• Work to be completed
Print each entry in full, word for word, with no pictures in the result.

• Records provided
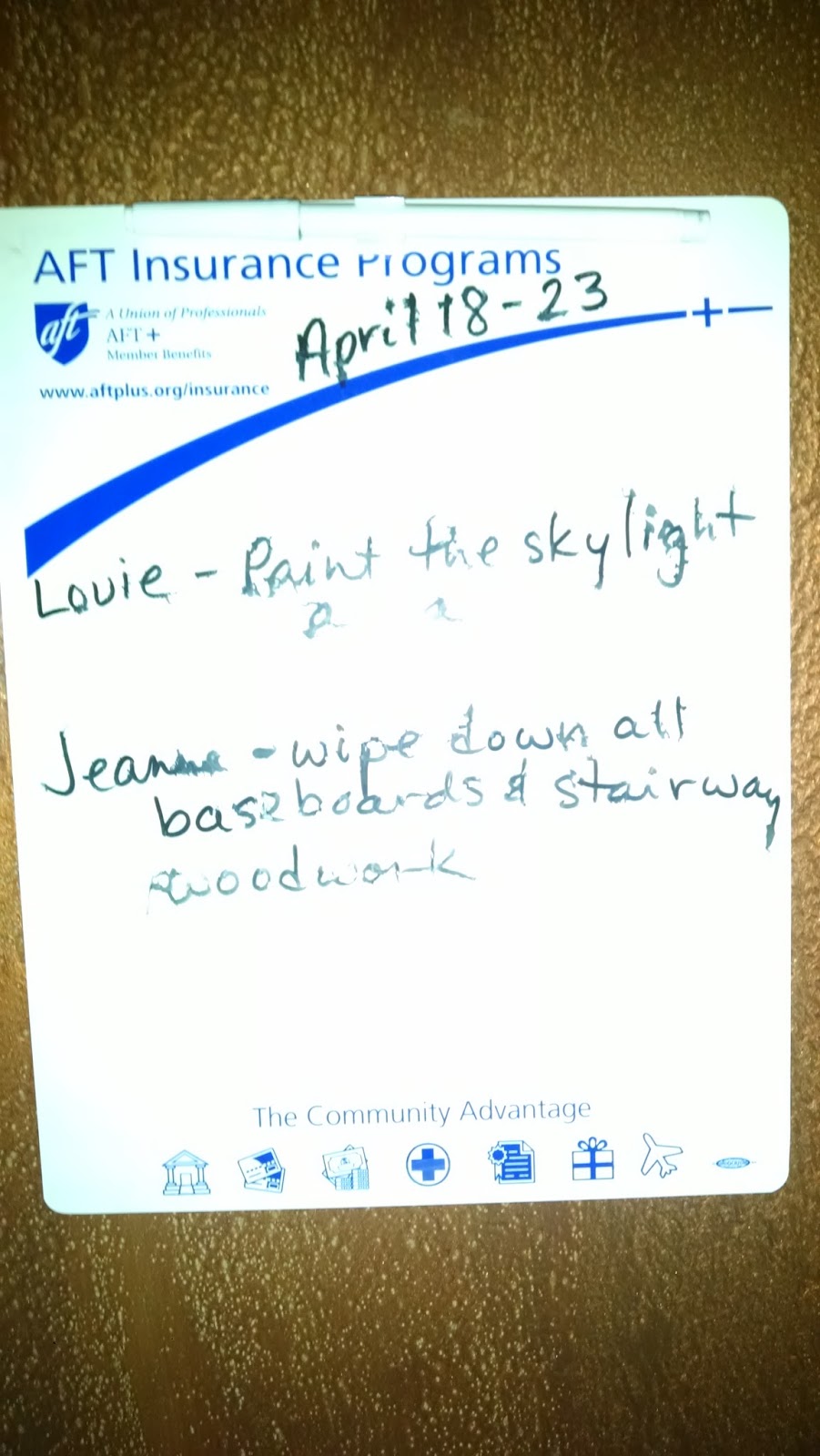 It's springtime, which is lovely, but I always seem to find myself overwhelmed and stressed at the end of the school year. There are more things to be done than I have time to do, and it's easy to get discouraged. A few weeks ago, Louie gave me a pep talk about not focusing on all the things I *don't* get done, but rather being happy about what I *do* get done each week. So I asked him, "What *one* thing do you want to get done this week?" And I picked one thing. I wrote it on the board attached to the entryway / garage door.
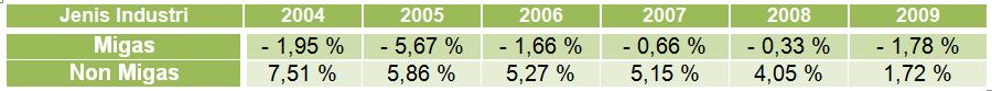 Ideal-nya, bersamaan dengan kemampuan mengelola ekonomi makro, Pemerintah secara bersamaan juga harus melakukan upaya terobasan regulasi yang mengarah pada peningkatan kompetensi dan efisiensi pelaku usaha terutama industri pengolahan, untuk mampu bersaing di pasaran regional dan internasional, dimana tumpuannya terletak pada kemampuan untuk memacu pertumbuhan Industri Pengolahan Non Migas. Pada periode waktu 2004-2009, walaupun berfluktuatif, namun perkembangannya selalu positif (searah dengan laju pertumbuhan ekonomi). Disisi lainnya, pertumbuhan Industri Pengolahan Migas mengalami pertumbuhan negatif.
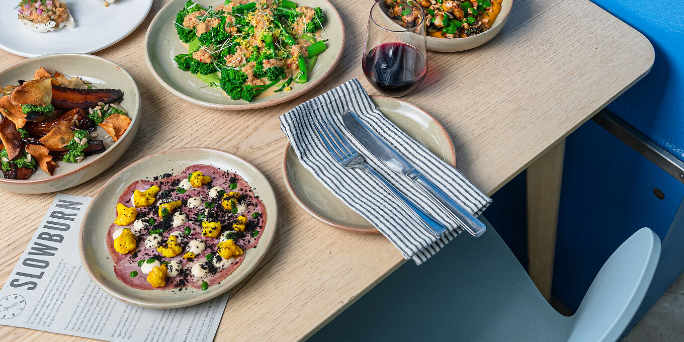Fitting seamlessly inside 'London's only craft jean makers' on Blackhorse Lane, Slowburn turns a working industrial backdrop into something quite informal and quite fetching. Walk past rolls of denim and lines of machinery to reach the restaurant tables laid out at the back of the site; expansive windows allow in dappled daylight during the day, while candlelight and hanging light bulbs create a warm, cosy vibe in the evening. There are also trestle tables out front for alfresco socialising on sunny days. Dining among denim is a novel proposition, but the kitchen backs up its promise with a good-value, vegetable-led menu tuned to the seasons. When we visited it was heralding the arrival of autumn while retaining some fresher ideas reflecting the warmer weather. Depth of flavour and proper savouriness are chef/owner Chavdar Todorov's calling cards, from confit artichoke 'flower' with romesco sauce or black-bean gyoza tacos fired up with a zippy coriander salsa to a main course of Slowb...
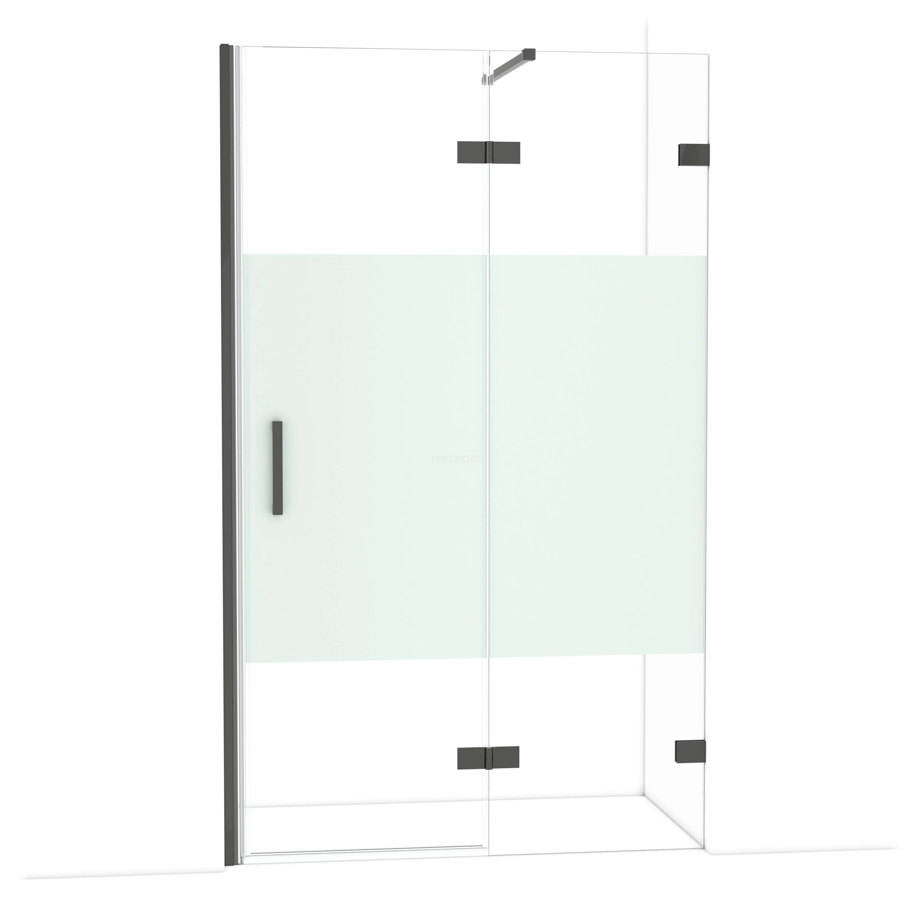 Diamond Duschtür | 120 cm Schwarzchrom Klar mit matter Streifen Drehtür
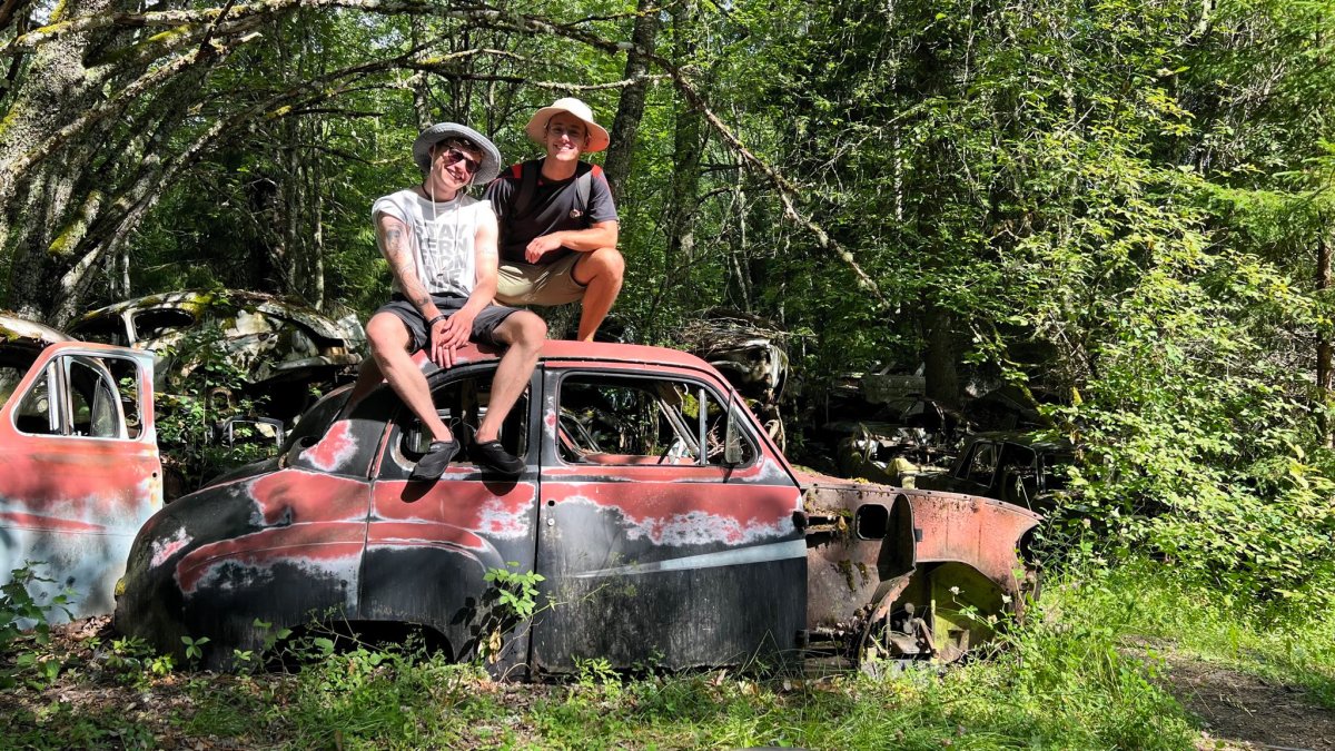 Nachdem wir nach einer sehr regenreichen Nacht aus dem Zelt gekrochen waren, stellten wir mit großer Freude fest, dass uns unsere Tarp-Rekonstruktion erfolgreich trocken gehalten hat. Als wir dann endlich fertig mit dem Packen waren, ging es Richtung Båstnäs zu einem Autofriedhof. Dort angekommen stellten wir schnell fest, dass wir dort nicht die einzigen waren. Nach einem ca. 800 Meter-Marsch durch den Wald kamen wir an unserem Ziel an. Hunderte von Autos, Vans und Bussen standen im Wald verteilt. Teilweise übereinander gestapelt, teils sehr verrostet, aber dennoch ein atemberaubender Anblick! So etwas haben wir noch nie zuvor gesehen! Nachdem wir dort ca. 2 Stunden mit dem Umsehen beschäftigt waren, ging es zurück zum Kanu. Der Blick nach Norden verhieß nichts gutes und ließ eine unangekündigte Regenfront in unsere Richtung ziehen. Also – ab ins Kanu und so schnell weg wie möglich. Unser Ziel war es, Richtung Norwegen zu paddeln und dort einen Schlafplatz zu finden, bevor es zu regnen begann. Doch daraus wurde nichts – der Regen kam schneller als gehofft. So legten wir an einer kleineren Insel einen Zwischenstopp ein und warfen das Tarp über uns und das Kanu, sodass wir vorerst weitestgehend trocken blieben. Nach ca. 30 Minuten war der Schauer auch schon vorbei und wir fuhren mit der Fahrt Richtung Süden fort. Kurz darauf fanden wir einen richtigen Sandstrand, welchen wir direkt als Nachtlager auserkoren und schlugen das Zelt auf. Außerdem fingen wir direkt an zu kochen, da das Mittag ausgefallen war und wir sehr hungrig waren.
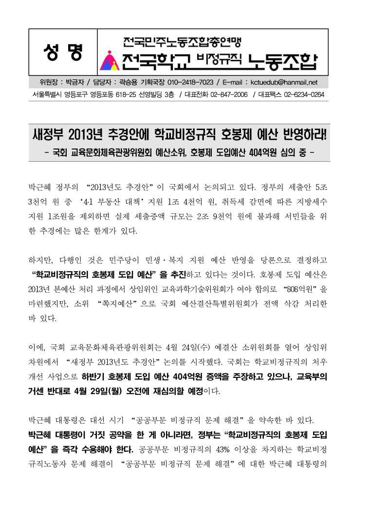 [성명] 새정부 추경안, 학교비정규직 호봉제 예산 심의 중!
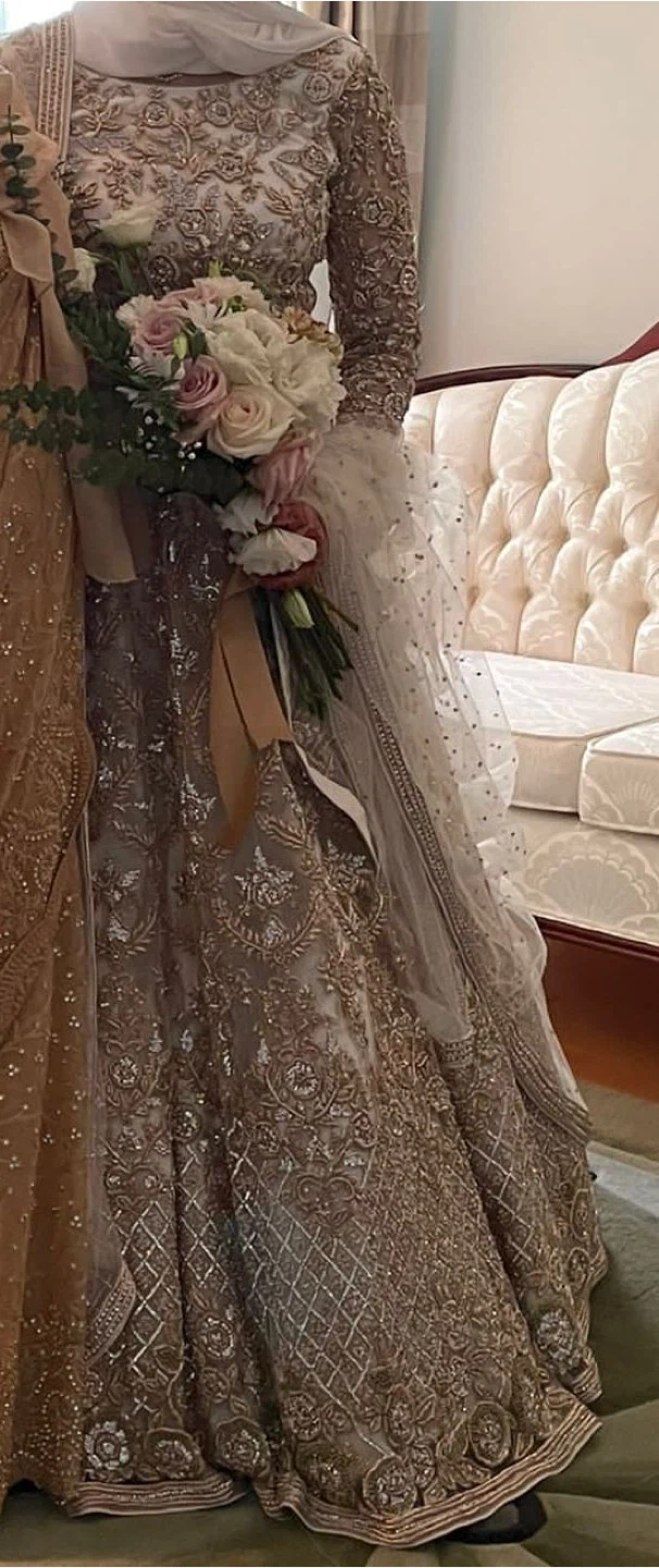 Dupatta: Includes a beautiful long net veil style dupatta with scattered delicate silver/gold details, giving it a soft, ethereal appearance.
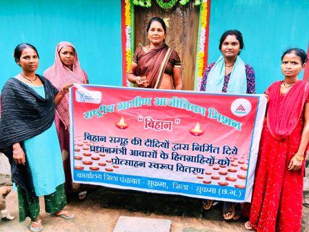 सुकमा। मुख्य कार्यपालन अधिकारी जिला पंचायत सुकमा श्री मुकुन्द ठाकुर के कुशल निर्देशन एवं मार्गदर्शन में सुकमा जिले के विकासखंड कोटा, सुकमा एवं छिंदगढ़ में दीपावली पर्व पर एक अनूठी पहल देखने को मिली। राज्य ग्रामीण आजीविका मिशन (बिहान) के अंतर्गत गठित स्व-सहायता समूह की दीदियों द्वारा बनाए गए सुंदर पर्यावरण-हितैषी मिट्टी के दीये प्रधानमंत्री आवास योजना (ग्रामीण) के 425 हितग्राहियों को प्रदान किए गए।

• Expected answer
 It's springtime, which is lovely, but I always seem to find myself overwhelmed and stressed at the end of the school year. There are more things to be done than I have time to do, and it's easy to get discouraged. A few weeks ago, Louie gave me a pep talk about not focusing on all the things I *don't* get done, but rather being happy about what I *do* get done each week. So I asked him, "What *one* thing do you want to get done this week?" And I picked one thing. I wrote it on the board attached to the entryway / garage door.
 Ideal-nya, bersamaan dengan kemampuan mengelola ekonomi makro, Pemerintah secara bersamaan juga harus melakukan upaya terobasan regulasi yang mengarah pada peningkatan kompetensi dan efisiensi pelaku usaha terutama industri pengolahan, untuk mampu bersaing di pasaran regional dan internasional, dimana tumpuannya terletak pada kemampuan untuk memacu pertumbuhan Industri Pengolahan Non Migas. Pada periode waktu 2004-2009, walaupun berfluktuatif, namun perkembangannya selalu positif (searah dengan laju pertumbuhan ekonomi). Disisi lainnya, pertumbuhan Industri Pengolahan Migas mengalami pertumbuhan negatif.
Fitting seamlessly inside 'London's only craft jean makers' on Blackhorse Lane, Slowburn turns a working industrial backdrop into something quite informal and quite fetching. Walk past rolls of denim and lines of machinery to reach the restaurant tables laid out at the back of the site; expansive windows allow in dappled daylight during the day, while candlelight and hanging light bulbs create a warm, cosy vibe in the evening. There are also trestle tables out front for alfresco socialising on sunny days. Dining among denim is a novel proposition, but the kitchen backs up its promise with a good-value, vegetable-led menu tuned to the seasons. When we visited it was heralding the arrival of autumn while retaining some fresher ideas reflecting the warmer weather. Depth of flavour and proper savouriness are chef/owner Chavdar Todorov's calling cards, from confit artichoke 'flower' with romesco sauce or black-bean gyoza tacos fired up with a zippy coriander salsa to a main course of Slowb...
 Diamond Duschtür | 120 cm Schwarzchrom Klar mit matter Streifen Drehtür
 Nachdem wir nach einer sehr regenreichen Nacht aus dem Zelt gekrochen waren, stellten wir mit großer Freude fest, dass uns unsere Tarp-Rekonstruktion erfolgreich trocken gehalten hat. Als wir dann endlich fertig mit dem Packen waren, ging es Richtung Båstnäs zu einem Autofriedhof. Dort angekommen stellten wir schnell fest, dass wir dort nicht die einzigen waren. Nach einem ca. 800 Meter-Marsch durch den Wald kamen wir an unserem Ziel an. Hunderte von Autos, Vans und Bussen standen im Wald verteilt. Teilweise übereinander gestapelt, teils sehr verrostet, aber dennoch ein atemberaubender Anblick! So etwas haben wir noch nie zuvor gesehen! Nachdem wir dort ca. 2 Stunden mit dem Umsehen beschäftigt waren, ging es zurück zum Kanu. Der Blick nach Norden verhieß nichts gutes und ließ eine unangekündigte Regenfront in unsere Richtung ziehen. Also – ab ins Kanu und so schnell weg wie möglich. Unser Ziel war es, Richtung Norwegen zu paddeln und dort einen Schlafplatz zu finden, bevor es zu regnen begann. Doch daraus wurde nichts – der Regen kam schneller als gehofft. So legten wir an einer kleineren Insel einen Zwischenstopp ein und warfen das Tarp über uns und das Kanu, sodass wir vorerst weitestgehend trocken blieben. Nach ca. 30 Minuten war der Schauer auch schon vorbei und wir fuhren mit der Fahrt Richtung Süden fort. Kurz darauf fanden wir einen richtigen Sandstrand, welchen wir direkt als Nachtlager auserkoren und schlugen das Zelt auf. Außerdem fingen wir direkt an zu kochen, da das Mittag ausgefallen war und wir sehr hungrig waren.
 [성명] 새정부 추경안, 학교비정규직 호봉제 예산 심의 중!
 Dupatta: Includes a beautiful long net veil style dupatta with scattered delicate silver/gold details, giving it a soft, ethereal appearance.
 सुकमा। मुख्य कार्यपालन अधिकारी जिला पंचायत सुकमा श्री मुकुन्द ठाकुर के कुशल निर्देशन एवं मार्गदर्शन में सुकमा जिले के विकासखंड कोटा, सुकमा एवं छिंदगढ़ में दीपावली पर्व पर एक अनूठी पहल देखने को मिली। राज्य ग्रामीण आजीविका मिशन (बिहान) के अंतर्गत गठित स्व-सहायता समूह की दीदियों द्वारा बनाए गए सुंदर पर्यावरण-हितैषी मिट्टी के दीये प्रधानमंत्री आवास योजना (ग्रामीण) के 425 हितग्राहियों को प्रदान किए गए।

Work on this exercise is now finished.